→ **TASK OBJECTIVE**
Retype the listing exactly. Leave out the images.

→ **SUPPLIED INFORMATION**
◇ ◇ ◇ ◇
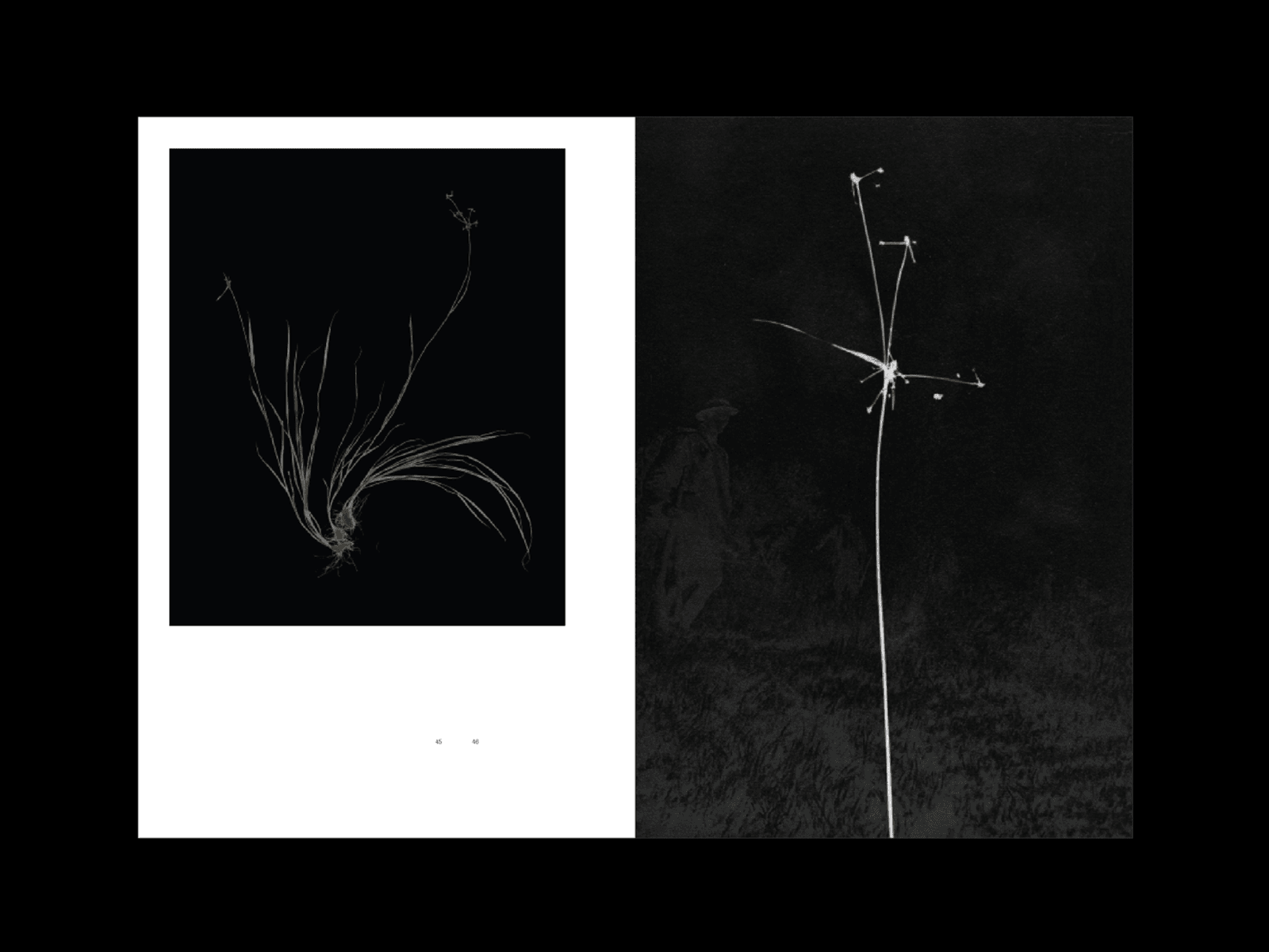 Pensé comme un herbier contemporain, le livre se déploie en deux volumes : le premier, purement visuel, présente une suite d’images sans légendes, ordonnées dans l’ordre alphabétique des espèces rencontrées. Les différents corpus d’oeuvres de Sophie Zénon - photogrammes, empreintes, paysages recomposés, sculptures ou fragments d’archives - s’y entremêlent dans une forme libre où la transparence du papier fait affleurer la mémoire, la trace, le fantôme. Le second volume, véritable cahier d’accompagnement, rassemble textes, entretiens et index, offrant les clés scientifiques et poétiques du projet.
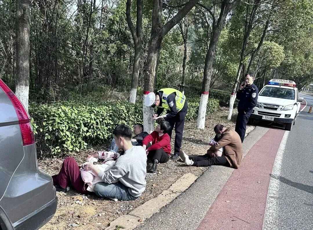 完成伤者的初步救援和伤情处置后,120急救车也火速赶到。熊众顾不上休息,向医护人员详细说明每位伤者的伤情判断、施救过程,配合交警完成现场情况交接后,他才带着妻女悄然离开。
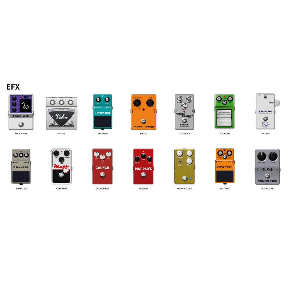 Touch Wah, U-Vibe, Tremolo, PH 100, ST Singer, T Screamer, Katana, 3 Band EQ, Muff Fuzz, Crunch Box, Red Dirt, Morning Drive, Dist One, Rose Comp
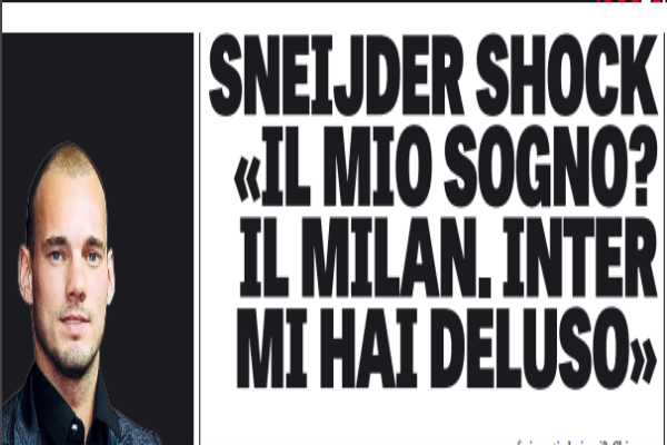 Gazzetta dello Sport, Sneijder shock: “«Il mio sogno? Il Milan. Inter mi hai deluso»”
◇ ◇ ◇ ◇
→ **RESULT BELOW**
 Pensé comme un herbier contemporain, le livre se déploie en deux volumes : le premier, purement visuel, présente une suite d’images sans légendes, ordonnées dans l’ordre alphabétique des espèces rencontrées. Les différents corpus d’oeuvres de Sophie Zénon - photogrammes, empreintes, paysages recomposés, sculptures ou fragments d’archives - s’y entremêlent dans une forme libre où la transparence du papier fait affleurer la mémoire, la trace, le fantôme. Le second volume, véritable cahier d’accompagnement, rassemble textes, entretiens et index, offrant les clés scientifiques et poétiques du projet.
 完成伤者的初步救援和伤情处置后,120急救车也火速赶到。熊众顾不上休息,向医护人员详细说明每位伤者的伤情判断、施救过程,配合交警完成现场情况交接后,他才带着妻女悄然离开。
 Touch Wah, U-Vibe, Tremolo, PH 100, ST Singer, T Screamer, Katana, 3 Band EQ, Muff Fuzz, Crunch Box, Red Dirt, Morning Drive, Dist One, Rose Comp
 Gazzetta dello Sport, Sneijder shock: “«Il mio sogno? Il Milan. Inter mi hai deluso»”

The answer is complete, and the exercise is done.